In demand as a recitalist, she also regularly plays with cellist Gemma Rosefield, and has worked with artists such as Andreas Haefliger and Anssi Kartonnen. She has premiered works this season written by composers including Torsten Rasch and Richard Causton. She is also an avid chamber musician which has led to her forming the Honeymead Ensemble, which in its first four years has included Adrian Brendel, Guy Ben-Ziony, Leon McCauley, Thomas Carroll, and Sarah-Jane Bradley. She has performed in numerous festivals, including Cheltenham, Academia San Felice, Florence Chamber Music, The Red Violin, The Two Moors, Stift and Presteigne and last summer made her American debut playing Mendelssohn Concerto in the Bowdoin Festival.
Next season will see performances at Wigmore Hall and King's Place in London, concertos with the RPO and Brighton Philharmonic, as well as concerto and chamber music concerts in the US, Switzerland, Austria, Italy and Holland.
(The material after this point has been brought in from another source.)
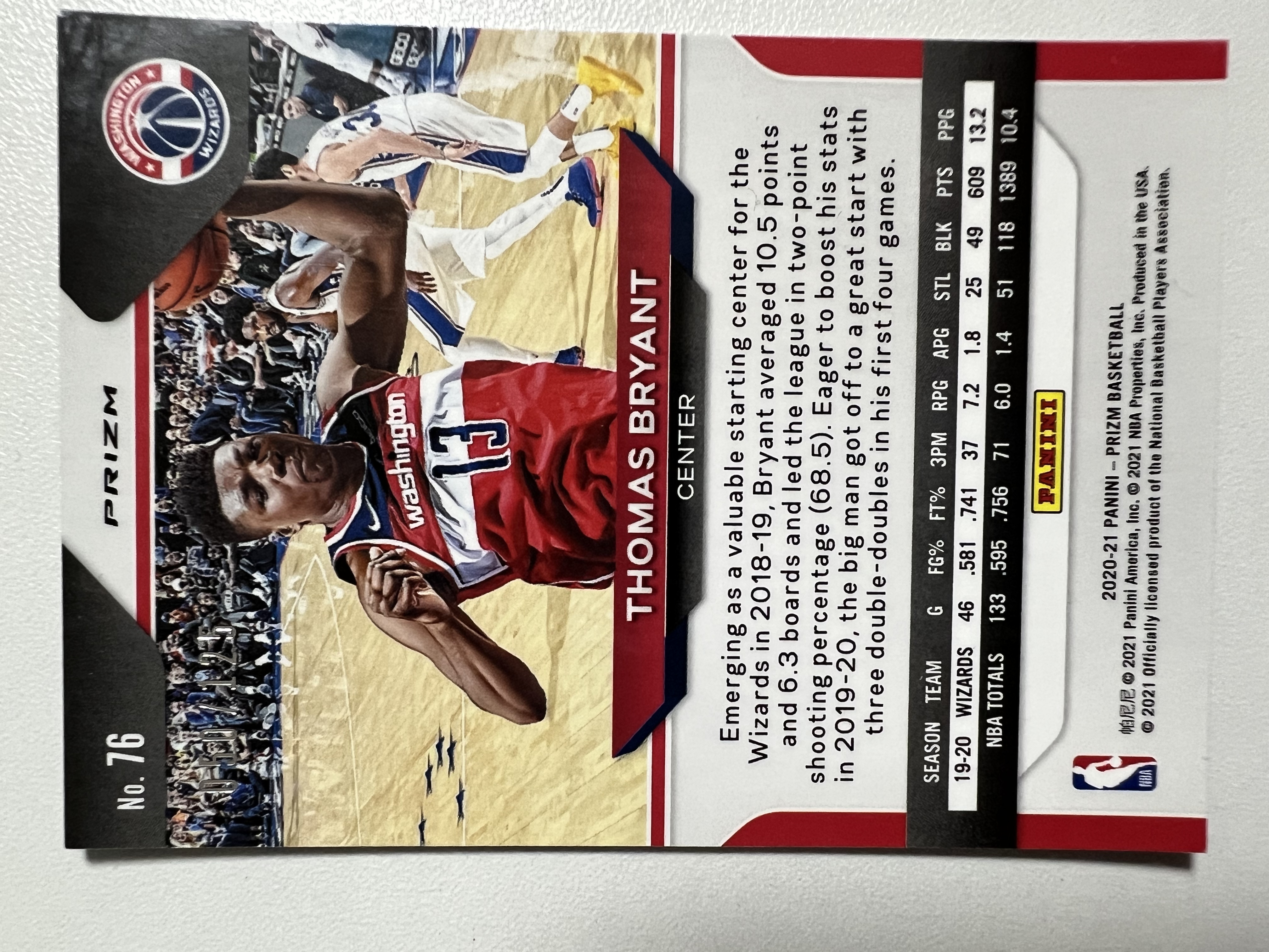 2020-21 Panini Prizm Thomas Bryant #76 托马斯·布莱恩特 华盛顿奇才 折射 蓝碎冰 收藏凑套 卡品如图

She will also premiere a new work for violin and string orchestra by Huw Watkins. Tamsin was born in London in 1986. She became a Foundation Scholar at the Royal College of Music where her professor was Itzhak Rashkovsky. At the RCM she won all available awards, including, twice, the concerto competition, and was their String Player of the Year. Numerous competition successes include winning the 2005 Royal Overseas League String Prize, and the 2007 J&A Beare Bach competition.
Tamsin has been a regular participant at the International Musicians' Seminar at Prussia Cove since she was 16, where she has worked with distinguished musicians including Lorand Fenyves, Andras Keller, Martin Lovett, Mark Padmore and Gerhard Schulz. She has also participated in master classes given by Ida Haendel, Igor Ozim, and Ruggiero Ricci, the latter describing her as "the most exceptionally gifted young violinist I have ever encountered."
Since early 2007 she has played the 1721 ex-Fenyves Stradivarius violin.